Hükümet, tehdidi körükleyen ana akım medya ve yeni bir virüs korkusu yayan uzmanlar aracılığıyla, 1929 Büyük Buhranı dönemindekinden daha sert bir ekonomik kapanma uyguladı. Bu süreçte, aşı konusu adeta hiçbir şekilde eleştirilemeyen yeni bir din haline geldi. İtalyan Sağlık Bakanlığı’nın 2017’de aldığı bir karar, hekimlerin aşıları eleştirmesi halinde kamudan ihraç edilmesini öngörüyor. Bu demokratik bir ülkeye yakışmayan akıl dışı bir tutumdur. Big Pharma olarak adlandırılan ilaç kartelinin iyiliksever bir oluşum değil, açgözlülüğün hakim olduğu bir işletme olduğu göz önüne alındığında, yolsuzluk ve suiistimaller işten bile değil. Ancak, bu, konuyu tam anlamıyla açıklamaya yetmiyor. Bir İngiliz tıp dergisi son sayılarından birinde iki ünlü aşının resmi olarak onaylanan yüzde 95 yerine yalnızca yüzde 19-20 etkinliğe sahip olduğunun altını çizdi. Dolayısıyla, şayet aşı verilerini Big Pharma uydurduysa, açgözlülük, ancak hükümetler uydurduysa, bir demokrasi sorunu var demektir.

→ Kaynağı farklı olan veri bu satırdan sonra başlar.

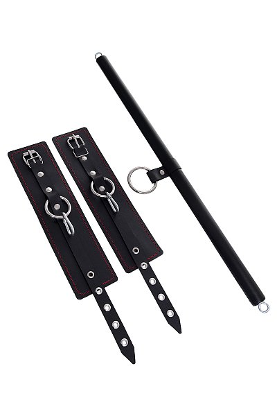 Набор для бандажа состоит из большой распорки с тремя точками крепления и пары оков с контрастной строчкой красного цвета, всё это в фирменной деревянной коробке Pecado BDSM. С этим набором расширить возможности и способы фиксации проще простого! Варианты и комбинации ограничения свободы партнера зависят от вашей фантазии и желаний. Распорка позволяет зафиксировать ноги партнера в широко разведенной позиции. Частичное обездвиживание и невозможность двигать руками или ногами дают вам полную власть над партнером – взрослые игры для взрослых. Кольцо посередине распорки позволяет использовать дополнительные аксессуары, либо приковать партнера к кровати или другому предмету и экспериментировать с позициями и ощущениями. Длина распорки - 50 см. Длина оков - 25 см., ширина - 6,5 см.

Küreselcilerin küreselleşmenin ikinci aşamasını ellerine yüzlerine bulaştırmasından sonra, başta ulusal çıkarlar, kimlikler, sosyal çerçeve ve ekonomi olmak üzere pek çok şeyi zayıflatarak değiştirme yolunda uzun süredir devam ettirdikleri proje üzerine birçok yazı yazdım. Adına ister “Büyük Sıfırlama” ister “Dünyayı Kurtarın” deyin, burada kilit nokta, tüm bu büyük değişikliklerin demokratik kurumlarla bağdaşmamasıdır. Belki de finansal kapitalizm artık “demokrasiye” ihtiyaç duymuyor. Bu nedenle, kanıtları ortaya çıkan seçim sahtekarlığıyla birlikte, ABD’de demokratik ortamın gerilemesi dünyanın her yerinde demokrasinin zayıflamasına neden oluyor. Senatör Rand Paul’un söylediği gibi, “kapsamlı bir soruşturmayı” gerektiren “çok sayıda seçim sahtekarlığı kanıtı” ve yasadışı seçim yasası değişiklikleri söz konusu. Dolayısıyla, ABD’deki seçim sahtekarlığının ve Almanya’daki kapanma skandalının arkasında bir algoritma olduğu görülüyor. Demokrasiden sapmak ve insanları aldatmak açısından matematik önemli. Peki, finansın lortları ve hükümetler neden halkın gözünün içine baka baka yalan söyleme gereği duyuyorlar? Bu konuda net cevaplarımız olmadığı gibi, geleceğimiz hakkında da cevaplanması gereken pek çok soru var.